1. Our request for a grant has still not been acted on by the
National Science Foundation. I gather that some kind of bureaucratic
tangle has prevented them from even considering whether they regard the
proposal as having any merit.
2. If they give us the grant we request, there will be somewhere
between ten and twenty terminals in homes and possibly on the Stanford
Campus. Some kind of news service would only be one of the services
offered. We will not proceed further with our planning until we get
a positive response from a potential grantor. What is the possibility
of the Associated Press sponsoring research in home news services?
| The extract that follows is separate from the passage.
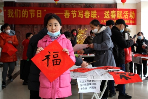 娃娃展紙研墨寫春聯(lián)“福”進(jìn)社區(qū)迎春來
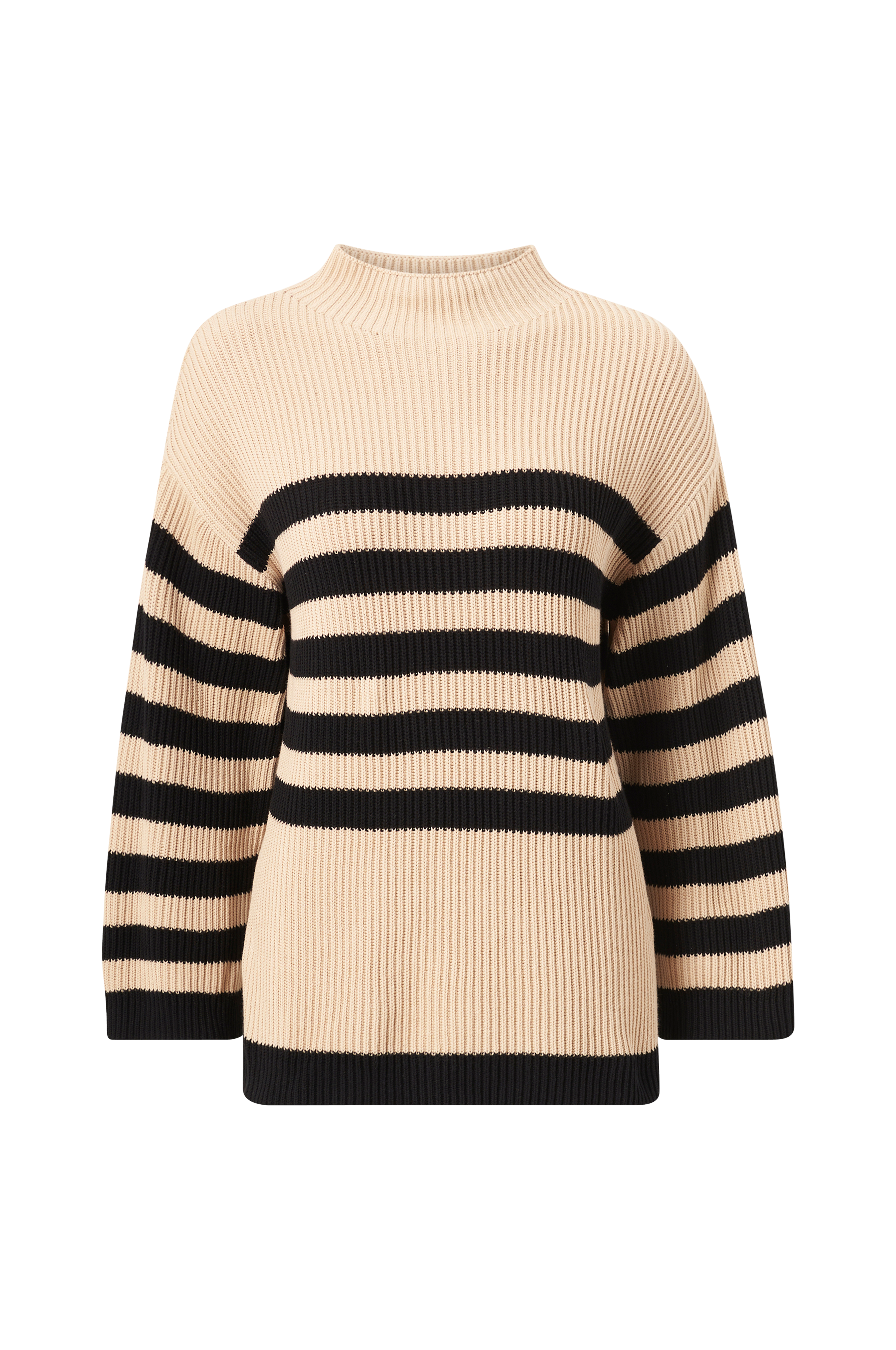 • Strikket trøje i bomuld• Ståkrave• Noget længere model• Slidser i siderne

3. No-one presently uses our APE program for any purpose for
which they might be likely to pay, so that AP is not subsidizing
competition with itself or any of its clients. I gather that you have
some worries beyond this, but I don't have a clear idea of what they
are.
4. The present usage is about half within our laboratory and
about half from other laboratories on the ARPA network like the M.I.T.
laboratory you visited. There are about thirty laboratories presently
attached to the network. Much of the usage is probably simply demonstration
of the network and of the existence of such a program. The other usage
is from people satisfying personal curiousity about the news. There is
some desire to use the news to experiment with more sophisticated ways
of getting information from the news than a simple keyword search. However,
such a project has not yet materialized.
5. We expect to have more precise information about usage when
we put a questionnaire about usage into the program.
When we get it, I'll send you a copy of the report.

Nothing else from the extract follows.